Bay Area exodus: Here are the companies that have moved headquarters or opened offices out of California

AGENDA 21 RADIO

By Mark Calvey

San Francisco Business Times

Every week brings news of yet another Bay Area company that plans to move its headquarters out of the region — essentially saying enough is enough.

Enough with drug-users shooting up across from Twitter’s San Francisco headquarters. Enough with walking by someone defecating in the street in the city’s Financial District, enough with avoiding confrontations with the homeless who appear mentally ill.

Those quality of life issues are on top of the escalating housing costs, growing traffic congestion and higher taxes that are likely to only get worse as President Trump’s tax overhaul means many of the Bay Area’s most successful residents will be paying more to the IRS.

The list of companies expanding elsewhere, or actually moving their Bay Area headquarters out of state, reads like a growing casualty count as the region’s business and civic leaders grapple with these quality-of-life issues. Depomed, Bare Escentuals, Jamba Juice, Krave Jerky and Bechtel are all relocating their headquarters while Charles Schwab Corp. (NYSE: SCHW), Lyft, New Relic (NYSE: NEWR) and Slack, just to name a few, are expanding beyond the Bay.

On Tuesday, Oakland-based startup Localwise said it will soon move its headquarters to Denver, where it plans to hire 50 people next year. The company has eight employees in Oakland.

“The big thing was quality of life,” Localwise co-founder and CEO Ben Hamlin told the Denver Business Journal, a sister publication to the San Francisco Business Times. “It’s never easy to ask people in the company to relocate, but it definitely helps when it’s a place where people really want to go. Our team members prefer to live in Denver versus Oakland.”

The rising costs of doing business in the Bay Area are also raising concerns among entrepreneurs and venture capitalists that the region’s reputation for risk-taking on promising startups could suffer.

“I believe the early-stage-startup ecosystem is at risk in Silicon Valley,” said Naveen Jain, co-founder of cryptocurrency startup Tari and a life-long Bay Area resident who moved to Nashville over the summer. “The goal for any early stage startup is not to die before you are able to find product-market fit and scale to a point where you are sustainable or able to raise money.

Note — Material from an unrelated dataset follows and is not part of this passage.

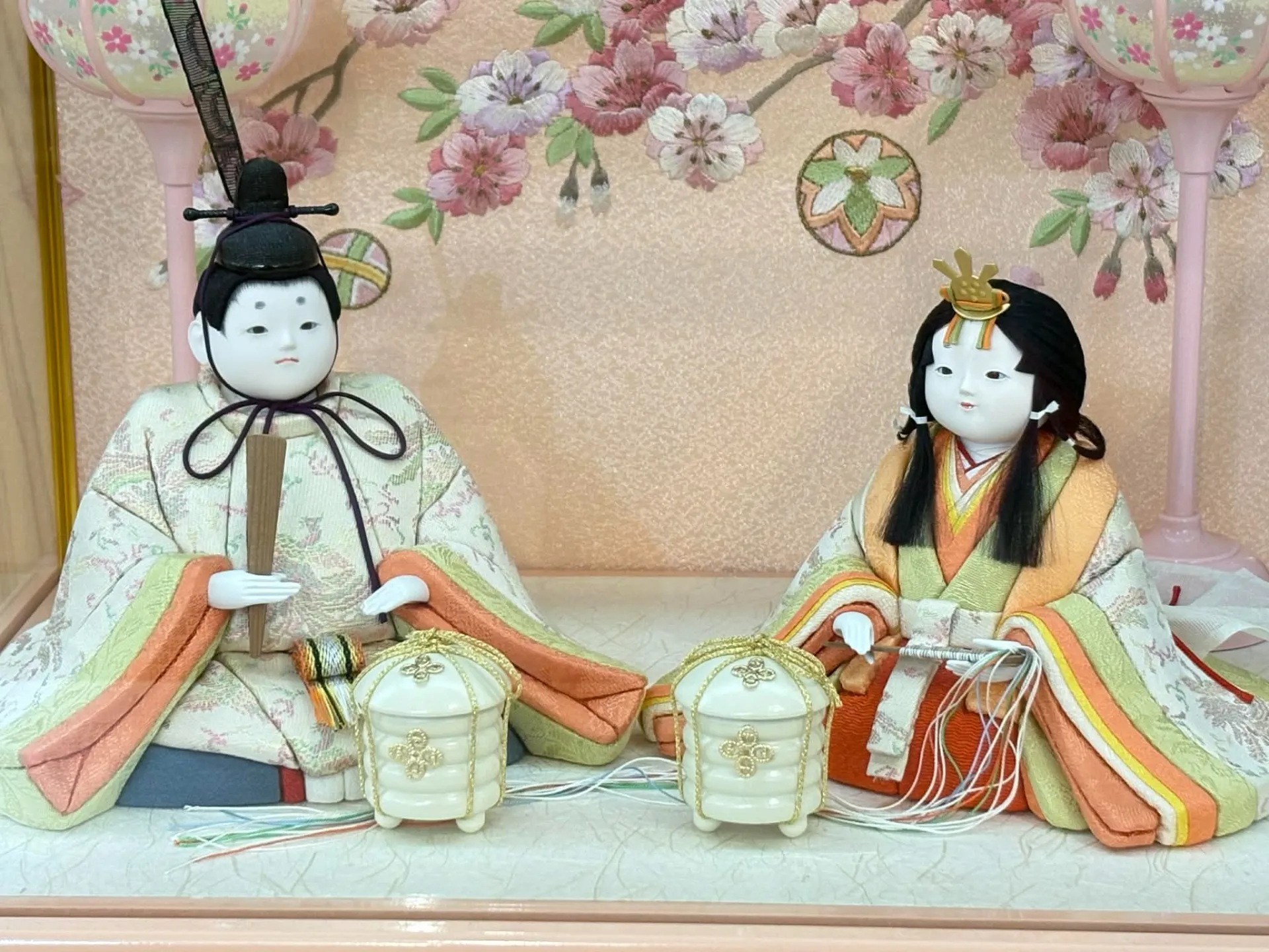 飾り付けの際は、アクリル足付きの飾り台や、四曲枠なし屏風を活かして、リビングや玄関など身近な場所に設置することで、日常の中に節句の華やかさをプラスできます。桜橘や玉台、燭台などの伝統的な小道具もセットされているため、細部まで美しく演出可能です。

This is becoming harder and harder to do in Silicon Valley.”

The Bay Area is also seeing large companies moving their headquarters out of the region. The states trying to attract the headquarters of California companies are becoming more aggressive. Tennessee is moving more squarely onto the list of states with no individual income tax when it eventually eliminates an income tax on interest and dividends above a certain threshold. That tax will be eliminated altogether in 2021, placing Tennessee on more equal footing with Texas, Florida and the handful of other states with no individual state income tax.

Back in Texas, the Dallas Business Journal is hosting a seminar next month for those wanting to join the 75 companies from around the country that have moved their headquarters to Dallas-Fort Worth in the last seven years. “Nearly as many regional offices have done the same,” the newspaper says in asking, “Ready to relocate?”

One recent victory for Dallas was San Francisco-based Core-Mark Holding Co. Inc., (NASDAQ: CORE) a Fortune 500 company moving its headquarters to that Texas city in 2019.

Core-Mark President and CEO Scott McPherson said the central location, favorable operating costs and lower taxes in Dallas were big draws.

“It’s getting us in a much better position as a nationwide company to service our customers to be in a market that is, I’d say, employee friendly with a really high quality of life,” McPherson said.